Entelo's mission is to help organizations build great teams. Our goal is to
help any organization recruit for any of their open roles. We've currently
built a powerful people search engine that indexes hundreds of millions of
social profiles and looks for signals to predict who may be more receptive to
a career change. It's our belief that the the HR/Recruiting world deserves
many of the same powerful tools that sales and marketing organizations have
had, and it's our responsibility to deliver on this mission.

The Hacker News community has been great to us as we've made 4 engineering
hires through the HN community. We care about building a thoughtful and
considerate engineering environment with true work-life balance and personal
flexibility (to my knowledge, no one works more than 50 hours in the office
and we're flexible with work schedules).

We're currently looking to rapidly expand the engineering team. Here are a few
of our open roles:

-Sr. Backend Engineer/Architect. Salary Range: $140k-180k

We're looking for someone to advance our backend infrastructure.
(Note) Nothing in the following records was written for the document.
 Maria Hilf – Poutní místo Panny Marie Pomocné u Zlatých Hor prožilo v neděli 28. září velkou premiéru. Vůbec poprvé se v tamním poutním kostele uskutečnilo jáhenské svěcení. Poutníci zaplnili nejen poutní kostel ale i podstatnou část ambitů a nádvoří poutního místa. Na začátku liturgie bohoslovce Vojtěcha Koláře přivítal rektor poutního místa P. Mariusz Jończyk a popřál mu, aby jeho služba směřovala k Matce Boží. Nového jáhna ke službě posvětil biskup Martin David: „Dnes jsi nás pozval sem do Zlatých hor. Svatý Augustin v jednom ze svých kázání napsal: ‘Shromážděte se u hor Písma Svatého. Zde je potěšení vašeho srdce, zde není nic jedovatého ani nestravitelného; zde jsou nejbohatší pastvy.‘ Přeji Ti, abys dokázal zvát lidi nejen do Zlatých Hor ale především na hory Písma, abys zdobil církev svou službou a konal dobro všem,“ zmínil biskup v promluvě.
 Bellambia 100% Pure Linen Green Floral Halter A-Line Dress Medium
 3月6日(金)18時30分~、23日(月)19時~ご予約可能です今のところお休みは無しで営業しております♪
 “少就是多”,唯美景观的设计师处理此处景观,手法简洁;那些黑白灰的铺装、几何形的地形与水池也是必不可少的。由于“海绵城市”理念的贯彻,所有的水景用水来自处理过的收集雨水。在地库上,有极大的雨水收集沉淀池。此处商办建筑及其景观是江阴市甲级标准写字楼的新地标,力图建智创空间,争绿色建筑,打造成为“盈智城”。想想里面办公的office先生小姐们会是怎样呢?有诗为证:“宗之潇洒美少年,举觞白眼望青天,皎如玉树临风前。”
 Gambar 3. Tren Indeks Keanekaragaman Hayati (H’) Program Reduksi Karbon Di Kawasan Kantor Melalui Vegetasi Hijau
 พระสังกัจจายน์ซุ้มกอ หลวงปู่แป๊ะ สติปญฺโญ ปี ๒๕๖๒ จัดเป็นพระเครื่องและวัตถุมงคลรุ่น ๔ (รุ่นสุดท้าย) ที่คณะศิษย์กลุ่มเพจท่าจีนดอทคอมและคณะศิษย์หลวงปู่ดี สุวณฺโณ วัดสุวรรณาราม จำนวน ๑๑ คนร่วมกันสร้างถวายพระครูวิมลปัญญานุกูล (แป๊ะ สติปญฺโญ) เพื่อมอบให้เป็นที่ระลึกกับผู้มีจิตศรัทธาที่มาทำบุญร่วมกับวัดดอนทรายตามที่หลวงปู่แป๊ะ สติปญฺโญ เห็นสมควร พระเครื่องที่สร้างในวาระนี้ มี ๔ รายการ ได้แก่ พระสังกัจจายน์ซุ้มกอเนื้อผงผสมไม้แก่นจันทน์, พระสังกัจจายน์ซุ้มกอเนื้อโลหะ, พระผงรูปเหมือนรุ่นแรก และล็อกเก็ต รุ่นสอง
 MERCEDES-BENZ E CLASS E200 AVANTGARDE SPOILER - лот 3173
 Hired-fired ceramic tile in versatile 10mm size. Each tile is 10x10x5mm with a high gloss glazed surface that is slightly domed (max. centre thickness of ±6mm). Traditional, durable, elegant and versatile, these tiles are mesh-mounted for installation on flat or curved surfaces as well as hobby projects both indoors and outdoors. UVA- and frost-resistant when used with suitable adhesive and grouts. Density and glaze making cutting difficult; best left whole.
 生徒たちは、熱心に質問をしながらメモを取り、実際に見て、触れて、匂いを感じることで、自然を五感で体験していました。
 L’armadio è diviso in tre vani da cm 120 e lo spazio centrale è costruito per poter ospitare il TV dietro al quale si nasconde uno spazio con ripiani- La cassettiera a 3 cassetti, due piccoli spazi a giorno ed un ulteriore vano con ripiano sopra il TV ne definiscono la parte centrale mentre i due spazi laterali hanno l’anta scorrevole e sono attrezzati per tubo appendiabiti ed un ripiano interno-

We index
hundreds of millions of profiles, and this requires crawling, parsing,
normalization (data is semi-structured) and matching of these social profiles.
We're currently using a stack that includes Scala, MongoDB, Golang, Java,
ElasticSearch and AWS although we've been considering using Amazon's new
Postgres solution.

-DevOps Engineer. Salary Range: $110k-140k

We're looking for our first dedicated DevOps engineer as we've currently been
doing DevOps by committee. We're looking for someone that isn't rigid in
thought and is open to using tools/technologies to solve our internal upkeep
problems. We take a software-centric approach to DevOps and do try to use a
modern stack here: Docker, New Relic, Loggly, PagerDuty, Rails, ElasticSearch
but we're open to those that may have more traditional DevOps experience but
open to using newer technologies.

-Full-Stack Rubyists. Salary Range: $100k-$170k (wide range depending on experience and ability to play some of the other roles)

We're always in the market for talented full-stack engineers. Our stack
includes Ruby on Rails, MySQL, AWS, Javascript, Bootstrap, Redis,
ElasticSearch

If you're interested, please don't hesitate to reach out to me directly at jon
at entelo.com. I'm the CEO of Entelo and happy to be a part of this community.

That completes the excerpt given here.